The fiduciary duty of the pension fund is to act in the best interests of its beneficiaries. This includes managing investments prudently, maximizing returns within acceptable risk levels, and considering long-term sustainability. OTPP must balance financial returns with responsible investment practices, taking into account environmental, social, and governance (ESG) factors.

i) Potential barriers to implementing the Principles for Responsible Investment (PRI) include limited data availability, difficulty in quantifying ESG factors’ financial impacts, and conflicting priorities between financial returns and sustainability goals. ii) ESG information can be incorporated into financial analysis by integrating it into risk assessment, valuation models, and decision-making frameworks. Factors such as carbon footprint, social impact, and governance practices should be evaluated alongside traditional financial metrics.

a) The financial impact of Enbridge paying for the entire Kalamazoo cleanup would depend on the costs involved. OTPP should assess the potential expenses and factor them into its valuation model for Enbridge to account for the financial liability.

b) A delayed or denied project would have a negative impact on Enbridge. OTPP should evaluate the potential consequences, such as lost revenues, reputational damage, and increased regulatory scrutiny, and adjust its valuation model accordingly.

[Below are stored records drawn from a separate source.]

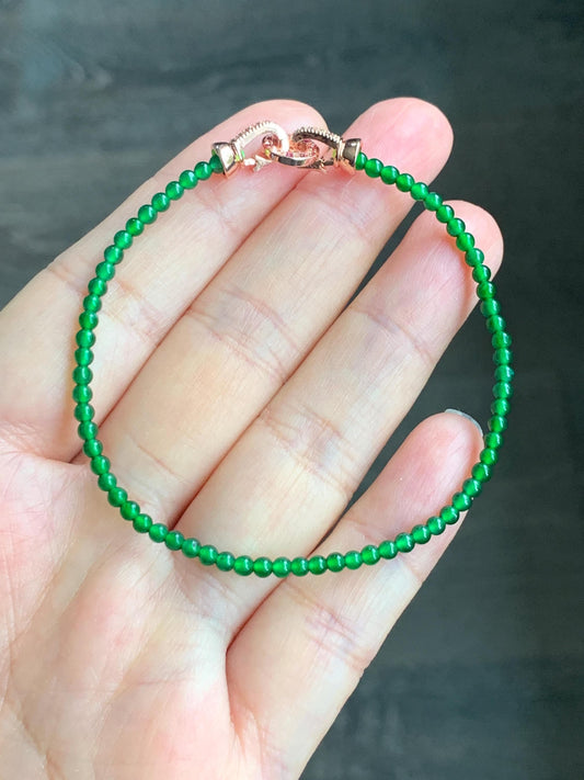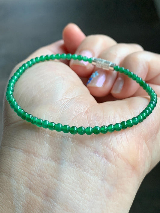 Natural Grade A Guatemalan Icy Highly Translucent Vibrant Green Jadeite Petite Beads Beaded Bracelet 7” 2.7mm 3g 天然高冰危绿翡翠小卡圆珠手串 KJ500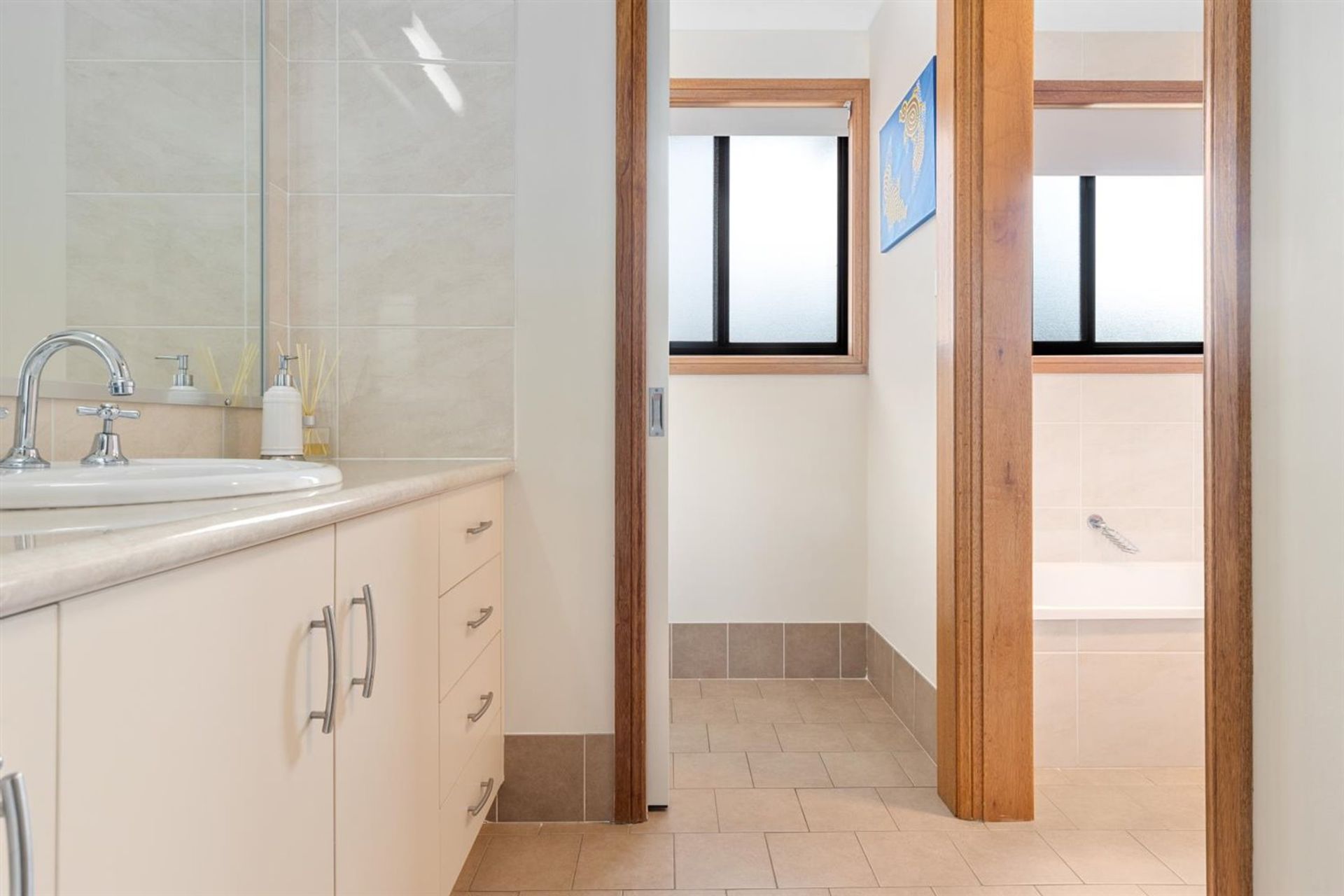 The kitchen is a chef's dream, featuring ample storage space, and a functional layout. The open-plan design seamlessly connects the kitchen to the dining and living areas, creating a warm and inviting atmosphere for family gatherings or entertaining friends.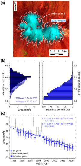 Changes at Nevado Coropuna (a) in map view, (b) with respect to elevation in 50 m elevation bins, and (c) over time. The Landsat scene for (a) is a false-color composite of the scene with the minimum area in 2020 (15 December), and the white outline is the 1988 extent for the scene with the minimum area (29 November). In (c), six years with anomalously larger ice cap areas are excluded (gray x’s), and linear regressions results are displayed for the remaining 22 years and the entire dataset, including the 95% confidence intervals inside the square bracket. The 2-σ uncertainty intervals are indicated by the error bars.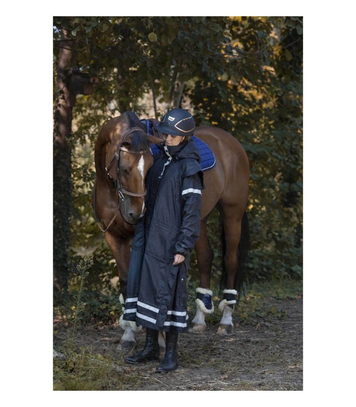 Grâce à une capacité d’imperméabilité de 3000 mm, une membrane respirante 3000 g/m²/24h et des coutures thermo-soudées, le RiderCoat offre une protection efficace contre la pluie tout en évacuant la transpiration. La fermeture éclair frontale étanche double sens, protégée par un rabat boutonné, renforce encore l’étanchéité et le confort à cheval.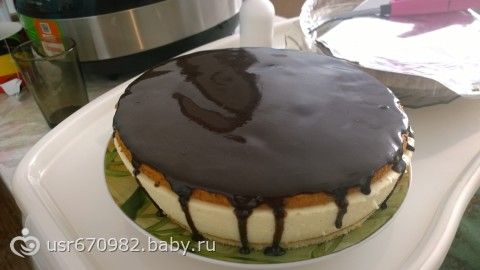 далее Берем белки добавляем 1 ст сахара и взбиваем, в белую пену, пытаемся как больше чтоб она была густой ( по максимуму), в это время на водяной бане ставим на газ желатин) когда желатин растопится, Берем его прям горячим, одной рукой продолжаем сбивать белки другой вливаем в белки горячий желатин, перемешиваем все это тщательно миксером и выливаем в массу с желтками и маслом, все миксером перемешиваем, и выливаем в форму(желательно разъемную), на дне которой уже должен лежать корж, вылили начинку сверху положили еще один корж и в холодильник, обычно я на ночь ставлю, тк в ночь делаю, утром встаю вытаскиваю его из формы, если форма не разъемная надо будет аккуратно ножиком вырезать, делаем глазурь и заливаем, украшаем как хотим… и все… Девочки это кажется что муторно на самом деле фигня!!! проверено!!!!!!!!!!!!!!!!!

c) If Enbridge invests $1 billion in additional safety measures for the Northern Gateway project, Cheng believes it would increase the likelihood of regulatory approval by 70%. OTPP should consider this information and adjust its valuation model to reflect the higher probability of successful project completion and factor in the potential benefits.

d) OTPP should make adjustments to its base valuation model of Enbridge to incorporate the recurring spills and the value of the Northern Gateway project. It should quantify the costs and reputation damage associated with spills, and assess the potential future earnings and risks associated with the Northern Gateway project. Adjustments should be made to account for these factors and provide a more comprehensive valuation of Enbridge.